**** INFORMATION ****

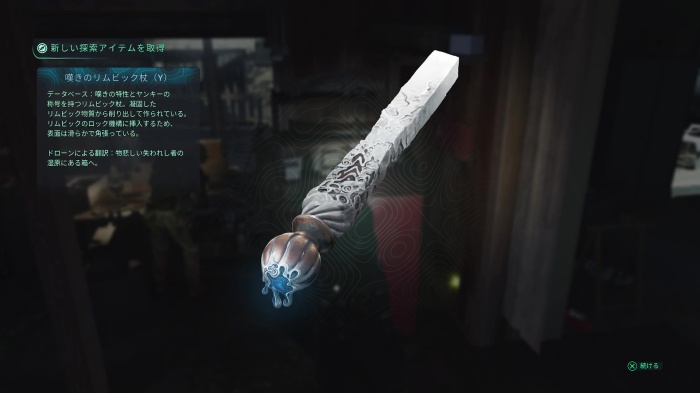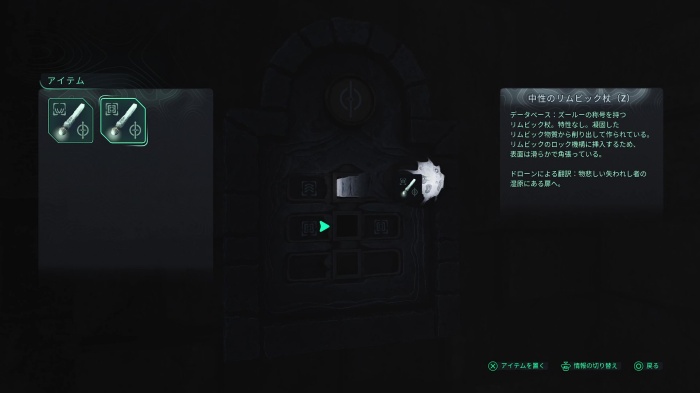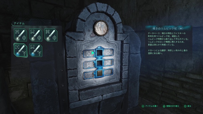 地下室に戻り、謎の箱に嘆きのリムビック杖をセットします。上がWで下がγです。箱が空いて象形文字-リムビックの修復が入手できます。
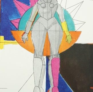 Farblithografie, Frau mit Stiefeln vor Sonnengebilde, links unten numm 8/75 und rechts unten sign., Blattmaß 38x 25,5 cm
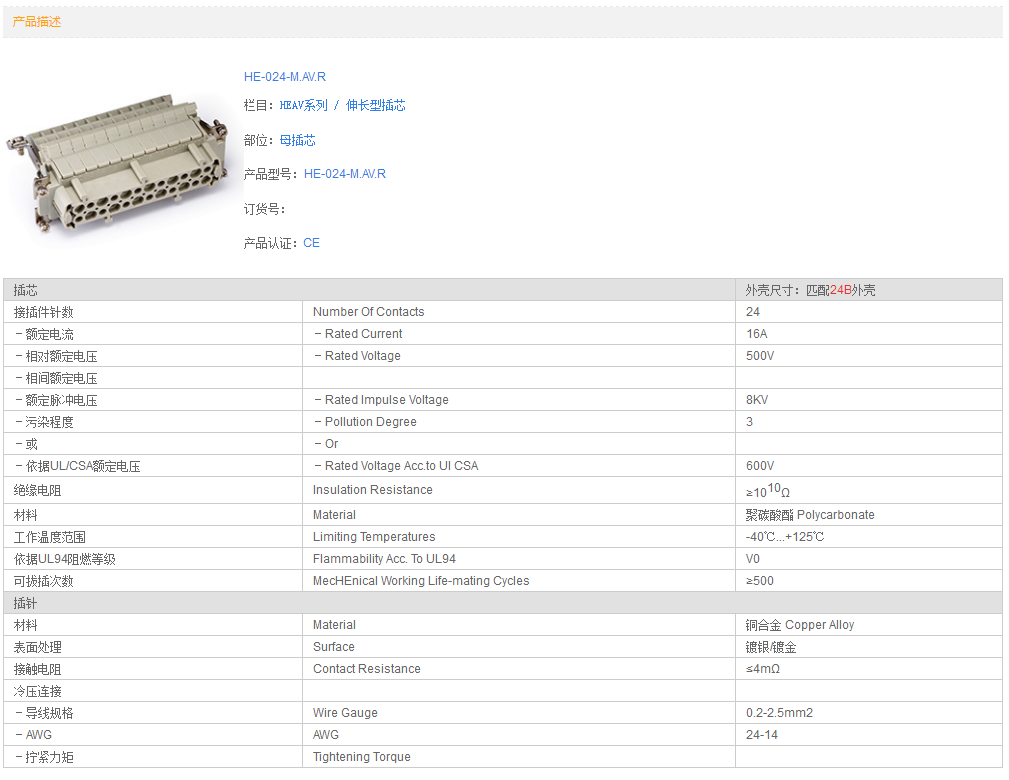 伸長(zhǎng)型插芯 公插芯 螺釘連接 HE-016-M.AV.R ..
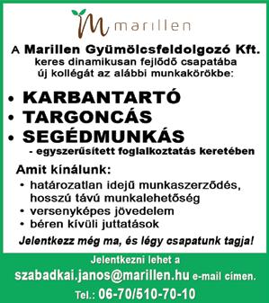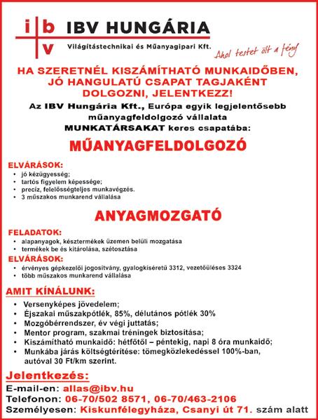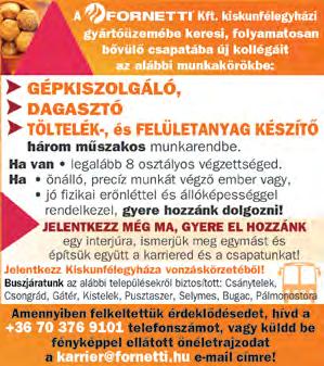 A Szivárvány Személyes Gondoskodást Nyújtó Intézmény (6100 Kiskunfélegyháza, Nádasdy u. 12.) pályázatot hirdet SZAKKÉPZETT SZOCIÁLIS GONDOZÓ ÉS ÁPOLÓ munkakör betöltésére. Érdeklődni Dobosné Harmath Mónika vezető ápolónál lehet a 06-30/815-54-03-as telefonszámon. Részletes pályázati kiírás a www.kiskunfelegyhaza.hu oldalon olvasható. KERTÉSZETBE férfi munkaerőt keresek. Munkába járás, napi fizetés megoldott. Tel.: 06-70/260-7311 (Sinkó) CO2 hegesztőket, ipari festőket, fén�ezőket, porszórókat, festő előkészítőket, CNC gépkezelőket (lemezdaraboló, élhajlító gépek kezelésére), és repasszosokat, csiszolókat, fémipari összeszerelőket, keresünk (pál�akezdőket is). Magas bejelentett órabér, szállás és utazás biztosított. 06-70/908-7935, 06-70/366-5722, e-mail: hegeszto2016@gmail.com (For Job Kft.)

****
**** INFORMATION ****

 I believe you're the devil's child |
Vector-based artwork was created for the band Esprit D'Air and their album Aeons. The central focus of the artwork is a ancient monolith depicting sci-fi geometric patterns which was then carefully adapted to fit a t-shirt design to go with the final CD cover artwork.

****
**** INFORMATION ****

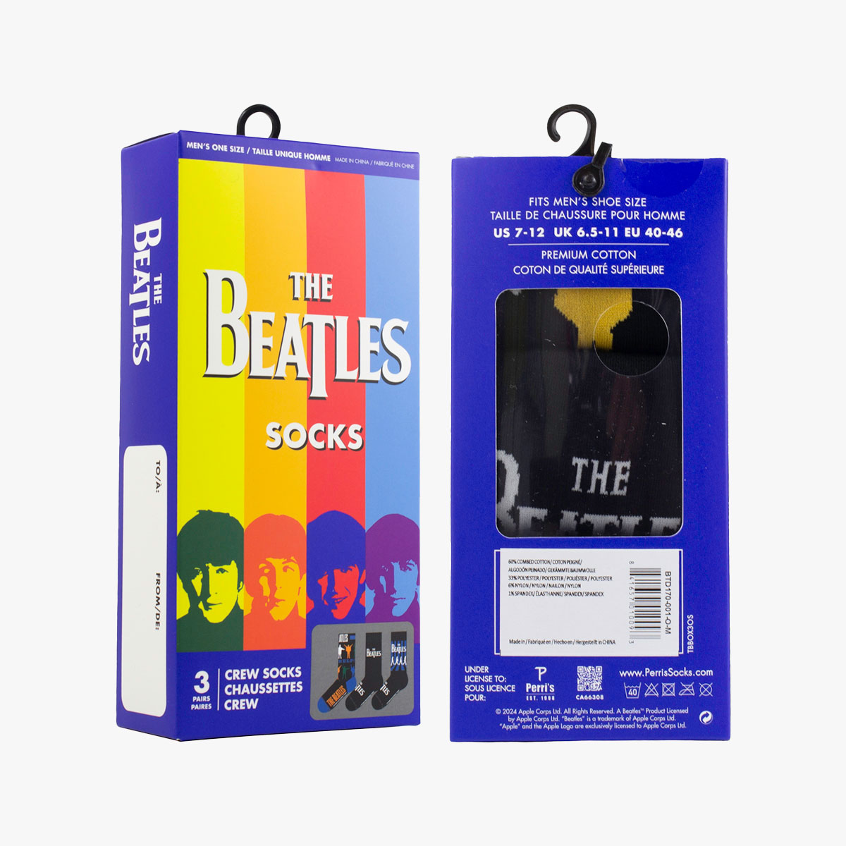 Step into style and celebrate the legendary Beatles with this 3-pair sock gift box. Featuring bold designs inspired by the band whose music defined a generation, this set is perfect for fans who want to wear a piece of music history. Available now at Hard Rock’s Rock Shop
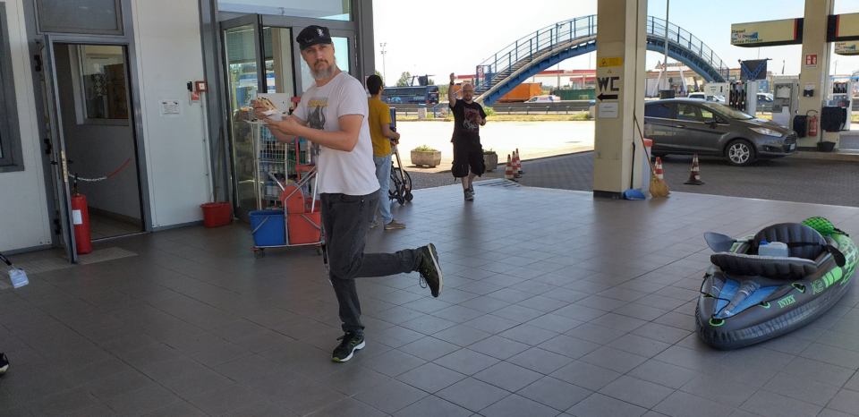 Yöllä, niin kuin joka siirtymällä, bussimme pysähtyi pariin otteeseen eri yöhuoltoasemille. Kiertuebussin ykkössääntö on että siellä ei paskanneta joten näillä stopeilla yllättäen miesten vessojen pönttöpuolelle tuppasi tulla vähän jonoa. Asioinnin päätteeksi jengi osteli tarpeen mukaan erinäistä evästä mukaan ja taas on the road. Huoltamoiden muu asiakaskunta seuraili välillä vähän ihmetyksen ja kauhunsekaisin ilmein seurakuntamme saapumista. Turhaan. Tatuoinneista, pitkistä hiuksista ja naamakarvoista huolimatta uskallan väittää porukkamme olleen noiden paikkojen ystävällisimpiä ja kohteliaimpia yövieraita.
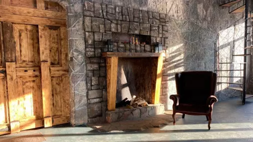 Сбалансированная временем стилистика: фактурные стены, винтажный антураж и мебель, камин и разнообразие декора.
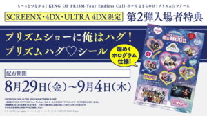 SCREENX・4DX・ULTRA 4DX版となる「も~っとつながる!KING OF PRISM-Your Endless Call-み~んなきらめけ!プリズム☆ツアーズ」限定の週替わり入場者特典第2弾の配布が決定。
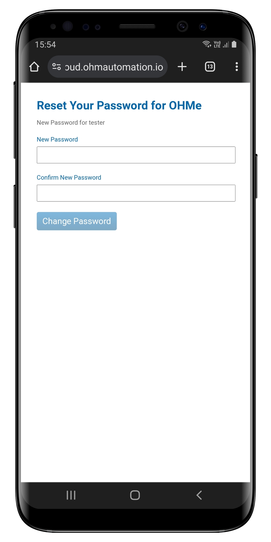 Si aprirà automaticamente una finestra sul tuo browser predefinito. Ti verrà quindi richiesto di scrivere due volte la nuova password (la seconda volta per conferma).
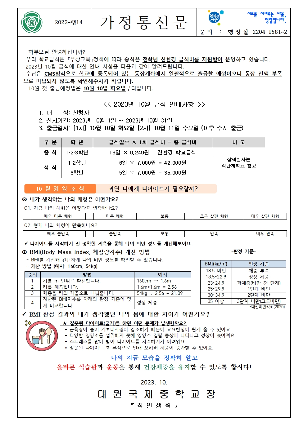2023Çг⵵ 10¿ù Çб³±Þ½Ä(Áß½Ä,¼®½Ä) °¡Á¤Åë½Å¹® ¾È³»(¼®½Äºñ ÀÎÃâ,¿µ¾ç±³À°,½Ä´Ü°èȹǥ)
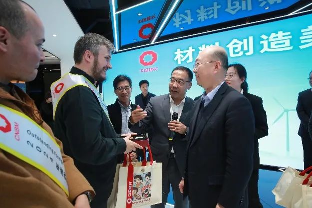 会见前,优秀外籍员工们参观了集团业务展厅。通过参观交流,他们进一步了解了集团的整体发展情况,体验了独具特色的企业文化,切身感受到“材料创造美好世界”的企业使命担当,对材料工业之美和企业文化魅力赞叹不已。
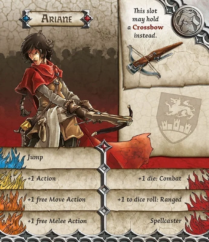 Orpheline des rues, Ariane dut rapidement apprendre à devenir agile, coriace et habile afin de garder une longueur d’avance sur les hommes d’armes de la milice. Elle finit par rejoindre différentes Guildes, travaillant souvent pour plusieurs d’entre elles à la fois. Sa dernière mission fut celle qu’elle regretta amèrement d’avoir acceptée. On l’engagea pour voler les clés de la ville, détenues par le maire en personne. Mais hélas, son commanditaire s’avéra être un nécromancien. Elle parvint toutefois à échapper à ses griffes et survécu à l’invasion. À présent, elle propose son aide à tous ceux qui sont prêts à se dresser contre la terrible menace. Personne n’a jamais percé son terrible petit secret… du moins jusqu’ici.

****

EXERCISE OBJECTIVE:
Lines wanted from the entries above: the one with "地下室に戻り、謎の箱に嘆きの", the one with "伸長(zhǎng)型插芯 公插芯 螺釘連接 HE-016-M.AV.R ..", and all lines between. Please copy them exactly, without the pictures and without anything else.

YOUR RESPONSE:
 地下室に戻り、謎の箱に嘆きのリムビック杖をセットします。上がWで下がγです。箱が空いて象形文字-リムビックの修復が入手できます。
 Farblithografie, Frau mit Stiefeln vor Sonnengebilde, links unten numm 8/75 und rechts unten sign., Blattmaß 38x 25,5 cm
 伸長(zhǎng)型插芯 公插芯 螺釘連接 HE-016-M.AV.R ..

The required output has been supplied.